→ INSTRUCTIONS FOR THE TASK
Only one stretch of the listing below is wanted. Give it again exactly, from the line with "Paratiisi kuppi ja" through the line with "屋外では、JAF東京都支部様".

→ DATA FOR PROCESSING

————————

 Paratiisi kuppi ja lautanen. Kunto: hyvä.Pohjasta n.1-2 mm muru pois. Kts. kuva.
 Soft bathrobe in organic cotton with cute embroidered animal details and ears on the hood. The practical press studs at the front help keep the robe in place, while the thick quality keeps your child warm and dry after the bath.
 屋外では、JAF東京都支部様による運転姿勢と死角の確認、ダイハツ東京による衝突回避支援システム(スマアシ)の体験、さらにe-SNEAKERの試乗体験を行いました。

————————

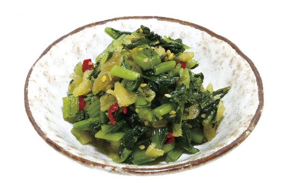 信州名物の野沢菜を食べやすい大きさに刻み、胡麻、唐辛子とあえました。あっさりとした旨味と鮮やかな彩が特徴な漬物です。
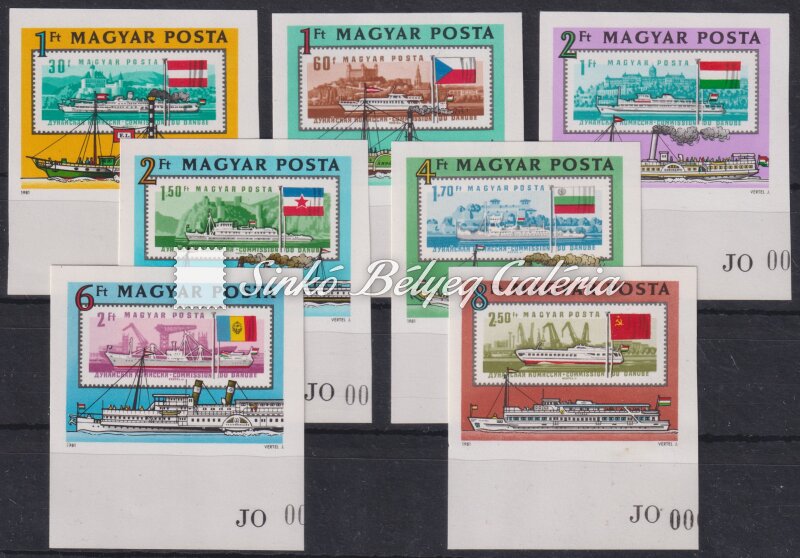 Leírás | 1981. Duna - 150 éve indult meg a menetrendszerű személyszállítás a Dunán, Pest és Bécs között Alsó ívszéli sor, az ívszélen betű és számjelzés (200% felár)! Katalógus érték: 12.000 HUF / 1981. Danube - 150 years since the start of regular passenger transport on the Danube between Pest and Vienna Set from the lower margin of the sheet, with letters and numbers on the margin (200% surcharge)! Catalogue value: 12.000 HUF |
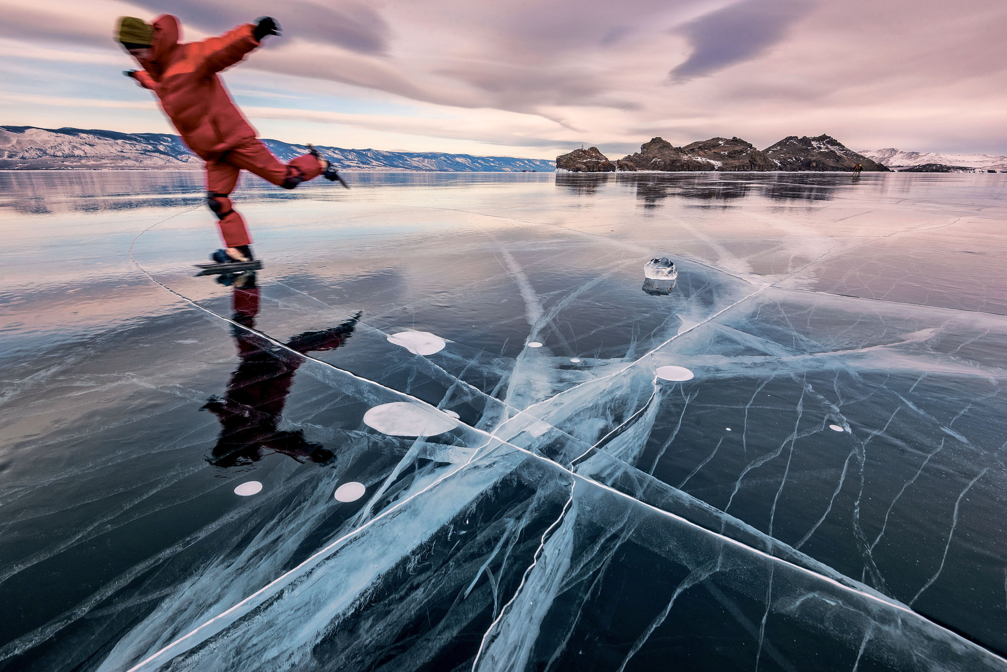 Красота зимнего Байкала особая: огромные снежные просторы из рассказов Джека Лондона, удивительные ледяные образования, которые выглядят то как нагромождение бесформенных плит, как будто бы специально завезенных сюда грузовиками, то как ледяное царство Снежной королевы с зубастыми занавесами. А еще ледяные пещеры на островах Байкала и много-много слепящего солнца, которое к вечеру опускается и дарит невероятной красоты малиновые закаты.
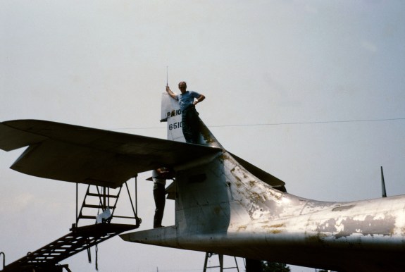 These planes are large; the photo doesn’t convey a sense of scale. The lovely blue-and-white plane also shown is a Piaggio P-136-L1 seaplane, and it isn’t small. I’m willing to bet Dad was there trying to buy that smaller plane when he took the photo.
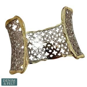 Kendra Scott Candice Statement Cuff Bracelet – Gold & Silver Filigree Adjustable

————————

→ RESULT OF THE EXERCISE
 Paratiisi kuppi ja lautanen. Kunto: hyvä.Pohjasta n.1-2 mm muru pois. Kts. kuva.
 Soft bathrobe in organic cotton with cute embroidered animal details and ears on the hood. The practical press studs at the front help keep the robe in place, while the thick quality keeps your child warm and dry after the bath.
 屋外では、JAF東京都支部様による運転姿勢と死角の確認、ダイハツ東京による衝突回避支援システム(スマアシ)の体験、さらにe-SNEAKERの試乗体験を行いました。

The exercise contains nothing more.